Trinity Lutheran Church v. Comer: Government money should not fund churches
On April 19, the Baptist Joint Committee for Religious Liberty responded to the arguments in the U.S. Supreme Court case of Trinity Lutheran Church v. Comer. The BJC filed a friend-of-the-court brief in the case, explaining how Missouri’s constitutional ban on state funding of religion protects religion.
“Missouri has drawn the right line to protect against the government funding of religious exercise.
The Missouri constitution prohibits state aid to churches. That is a protection for religious liberty that stems from the lessons of history. Baptists and other religious dissenters in colonial America fought to ensure that the coercive power of the government was not used to force taxpayers to pay for churches. The result has been a rich flowering of religion and religious institutions, funded by voluntary gifts and offerings.
Though there are many ways that religion and government cooperate, it is a fundamental principle of religious liberty in this country that the government does not fund religious exercise. Churches are by definition expressions of religion — organized for religious exercise. That’s why churches are, and should be, given special treatment. It is a necessary protection for religious liberty, not a mark of hostility or discrimination against religion.
Religion has a special place in our constitutional tradition, a place that is protected by separating the institutions of religion and government. The U.S. Supreme Court has never upheld direct government grants to churches, much less required a state to provide such funding.

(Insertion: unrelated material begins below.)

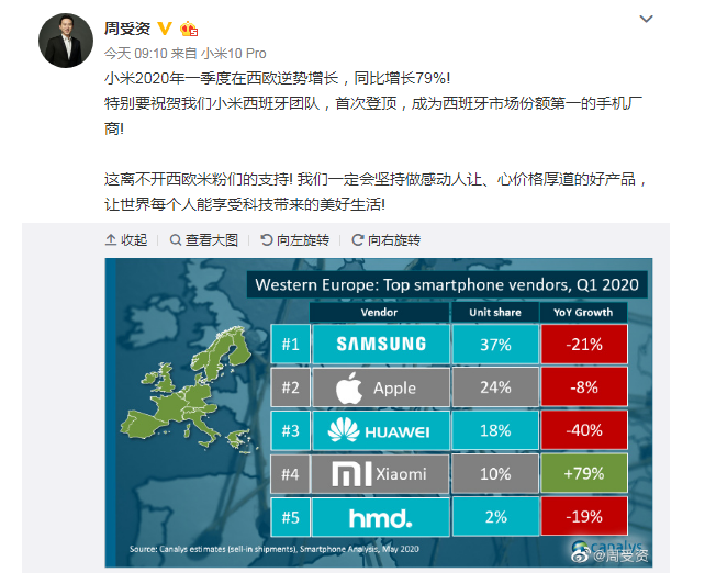 此前小米国际部总裁周受资援引的Canalys数据显示,第一季度,小米在西欧智能手机市场出货量同比增长79%,市场份额达到10%,也是该市场份额前五的品牌中唯一取得同比正增长的。

This case is about whether the state has to pay for the property improvements of a church, despite nearly 200 years of precedent and many practical considerations that argue otherwise.”
Preventing taxpayer money from funding churches is a key protection for religious liberty, according to the brief filed at the U.S. Supreme Court by the Baptist Joint Committee for Religious Liberty in this case. The brief makes it clear that the First Amendment does not require state governments to fund houses of worship.
In Trinity Lutheran Church of Columbia, Inc. v. Comer (which was originally known as Trinity Lutheran Church of Columbia, Inc. v. Pauley), a Missouri church is seeking government funds from a state program that awards a limited number of grants for playground improvements. The federal and state constitutions prohibit any government establishment of religion, and the Missouri Constitution clearly states that no money taken from the “public treasury, directly or indirectly” can be used “in aid of any church, sect or denomination of religion.”
The BJC brief reviews the Founders’ fight to avoid tax support for churches in the United States. “The historical fight for disestablishment, led by Baptists and other religious dissenters, is well documented,” the brief states. “Disestablishment ensured that churches would not be funded through the coercive power of the state, but through the voluntary offerings of adherents, thus providing a constraint on government and a measure of religious liberty for individuals — to fund or refuse to fund religious institutions — that had long been denied.”
Missouri categorically excluded churches from participating in its playground resurfacing program, and the BJC brief says doing so is firmly rooted in the state constitution. “It allows the state to avoid the risk of funding religion or policing the line between religious and nonreligious activity on church facilities,” the brief states.
The church claims it should be eligible for government funding because the playground materials are secular, but “[c]hurch-owned and operated facilities are not readily segregated between religious use and secular use devoid of religious import,” according to the brief. The extent to which a ministry is funded through offerings or other church-related income sources is a matter of church autonomy, and judicial attempts to regulate or distinguish a church’s religious activities from its secular activities compromises that autonomy.
“The issue is not whether the playground surface is inherently religious, but it’s whether the state government must fund an upgrade to a church playground despite a state constitutional ban on funding churches,” Hollman said.
The Baptist Joint Committee is supported by 15 Baptist organizations, as well as churches and individuals across the country, including in the state of Missouri. The General Synod of the United Church of Christ joined the BJC’s brief in this case.
The Supreme Court was expected to set oral arguments for Trinity Lutheran in the fall of 2016, but the case was heard April 19, 2017.
Click here for the BJC’s news release on the brief in 2016.
Visit our litigation page to learn more about our history working in the courts.
General Counsel Holly Hollman reacts to oral arguments in the Trinity Lutheran Church case on April 19, 2017.
General Counsel Holly Hollman previews the case why preventing taxpayer money from funding churches is a key protection for religious liberty.
Holly Hollman for Religion News Service (2017):
To avoid government meddling, the state should not fund churches
Holly Hollman on SCOTUSblog:
Ban on state funding of churches protects independence
Protecting the unique legal status of churches
Hollman Q&A with Word & Way
Holly Hollman and the Trinity Lutheran case
Note about the name of the case:
When the Supreme Court agreed to hear this case in 2016, it was known as Trinity Lutheran Church of Columbia, Inc., v. Pauley. The name “Pauley” referred to Sara Parker Pauley, the director of the Missouri Department of Natural Resources, which is being sued by the church. Missouri elected a new governor in November 2016, and in January 2017 he appointed a new director to the department: Carol Comer. The case name is now Trinity Lutheran Church of Columbia, Inc., v. Comer, reflecting that change in leadership.